0

With this code:

<?php
    $s = '<h1>Header</h1>';
    $dom = new DOMDocument();
    $dom->loadHTML($s, LIBXML_HTML_NOIMPLIED | LIBXML_HTML_NODEFDTD);
    var_dump($dom->documentElement->childNodes->item(0));
?>

On my development machine,the var_dump spits out a DOMText object, yet on my production machine it's returning a DOMElement object.
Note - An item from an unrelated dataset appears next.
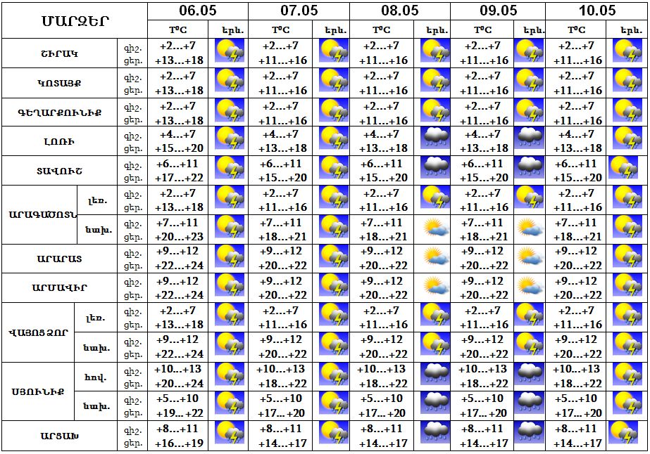 Մայիսի 6-ին, 7-ին, 10-ին՝ առավելապես օրվա երկրորդ և գիշերվա առաջին կեսերին սպասվում է կարճատև անձրև և ամպրոպ, ամպրոպի ժամանակ‵ քամու ուժգնացում‵ 15-17 մ/վ: Մայիսի 8-9-ի երեկոյան ժամերին հնարավոր է ամպրոպ, անձրևի հավանականությունը փոքր է: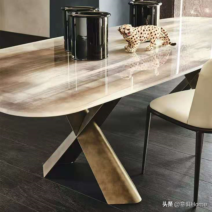标志性的金属底座就像雕塑一样引人注目,天然纹理的大理石桌面。

Production server is running php 5.4.33 with libxml 2.7.8

Dev machine is running php 5.4.4 with libxml 2.8.0

danbroooks
  • 2,712
  • 5
  • 21
  • 43

1 Answers1

1

It's probably got something to do with different PHP versions: The DOMDocument::loadHTML method only accepted a second ($options) argument since PHP 5.4, it's listed on the changelog:

5.4.0 DOMDocument::loadHTML Added options parameter.
DOMDocument::loadHTMLFile Added options parameter.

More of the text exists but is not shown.